Exercise
Nothing in the data may be altered as it is transcribed.

Records from a data source
▶

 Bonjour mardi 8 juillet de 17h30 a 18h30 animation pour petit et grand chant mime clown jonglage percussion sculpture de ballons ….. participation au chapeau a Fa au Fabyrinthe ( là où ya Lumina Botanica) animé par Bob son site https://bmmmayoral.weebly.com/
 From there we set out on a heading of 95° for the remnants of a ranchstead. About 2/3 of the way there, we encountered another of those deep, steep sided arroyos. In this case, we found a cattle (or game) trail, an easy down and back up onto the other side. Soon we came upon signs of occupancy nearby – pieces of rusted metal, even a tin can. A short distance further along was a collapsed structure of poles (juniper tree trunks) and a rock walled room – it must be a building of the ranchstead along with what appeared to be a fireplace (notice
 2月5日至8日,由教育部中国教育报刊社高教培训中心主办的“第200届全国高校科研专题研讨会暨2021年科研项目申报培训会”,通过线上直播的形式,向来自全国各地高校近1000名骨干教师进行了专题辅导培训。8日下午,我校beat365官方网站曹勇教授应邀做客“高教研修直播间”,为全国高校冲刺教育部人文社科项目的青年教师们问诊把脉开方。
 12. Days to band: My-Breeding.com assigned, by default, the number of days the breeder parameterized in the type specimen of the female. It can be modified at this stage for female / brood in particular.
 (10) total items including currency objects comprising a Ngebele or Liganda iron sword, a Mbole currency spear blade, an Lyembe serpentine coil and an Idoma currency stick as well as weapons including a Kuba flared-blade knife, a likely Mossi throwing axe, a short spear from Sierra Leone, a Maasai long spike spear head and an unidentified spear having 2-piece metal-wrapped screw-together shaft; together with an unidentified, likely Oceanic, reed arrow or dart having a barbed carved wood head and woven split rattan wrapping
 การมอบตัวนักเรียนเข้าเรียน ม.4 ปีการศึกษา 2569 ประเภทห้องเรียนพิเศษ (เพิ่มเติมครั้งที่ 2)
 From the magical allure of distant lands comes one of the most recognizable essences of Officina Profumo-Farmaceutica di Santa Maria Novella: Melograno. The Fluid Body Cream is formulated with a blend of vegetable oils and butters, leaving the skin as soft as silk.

◀

Result for this task
 Bonjour mardi 8 juillet de 17h30 a 18h30 animation pour petit et grand chant mime clown jonglage percussion sculpture de ballons ….. participation au chapeau a Fa au Fabyrinthe ( là où ya Lumina Botanica) animé par Bob son site https://bmmmayoral.weebly.com/
 From there we set out on a heading of 95° for the remnants of a ranchstead. About 2/3 of the way there, we encountered another of those deep, steep sided arroyos. In this case, we found a cattle (or game) trail, an easy down and back up onto the other side. Soon we came upon signs of occupancy nearby – pieces of rusted metal, even a tin can. A short distance further along was a collapsed structure of poles (juniper tree trunks) and a rock walled room – it must be a building of the ranchstead along with what appeared to be a fireplace (notice
 2月5日至8日,由教育部中国教育报刊社高教培训中心主办的“第200届全国高校科研专题研讨会暨2021年科研项目申报培训会”,通过线上直播的形式,向来自全国各地高校近1000名骨干教师进行了专题辅导培训。8日下午,我校beat365官方网站曹勇教授应邀做客“高教研修直播间”,为全国高校冲刺教育部人文社科项目的青年教师们问诊把脉开方。
 12. Days to band: My-Breeding.com assigned, by default, the number of days the breeder parameterized in the type specimen of the female. It can be modified at this stage for female / brood in particular.
 (10) total items including currency objects comprising a Ngebele or Liganda iron sword, a Mbole currency spear blade, an Lyembe serpentine coil and an Idoma currency stick as well as weapons including a Kuba flared-blade knife, a likely Mossi throwing axe, a short spear from Sierra Leone, a Maasai long spike spear head and an unidentified spear having 2-piece metal-wrapped screw-together shaft; together with an unidentified, likely Oceanic, reed arrow or dart having a barbed carved wood head and woven split rattan wrapping
 การมอบตัวนักเรียนเข้าเรียน ม.4 ปีการศึกษา 2569 ประเภทห้องเรียนพิเศษ (เพิ่มเติมครั้งที่ 2)
 From the magical allure of distant lands comes one of the most recognizable essences of Officina Profumo-Farmaceutica di Santa Maria Novella: Melograno. The Fluid Body Cream is formulated with a blend of vegetable oils and butters, leaving the skin as soft as silk.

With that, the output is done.